*YOUR INSTRUCTIONS*:
Return only that part of the material below which starts with the line containing "A HOUSE DIVIDED: the brothers remain at odds" and goes on through the line containing "Yo La Tengo", restated exactly.

*SUPPLIED MATERIAL*:

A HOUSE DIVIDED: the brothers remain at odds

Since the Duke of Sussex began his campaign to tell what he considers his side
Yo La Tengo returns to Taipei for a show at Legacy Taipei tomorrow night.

---

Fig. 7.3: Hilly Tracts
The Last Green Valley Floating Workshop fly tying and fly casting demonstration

*WRITTEN ANSWER*:
A HOUSE DIVIDED: the brothers remain at odds

Since the Duke of Sussex began his campaign to tell what he considers his side
Yo La Tengo returns to Taipei for a show at Legacy Taipei tomorrow night.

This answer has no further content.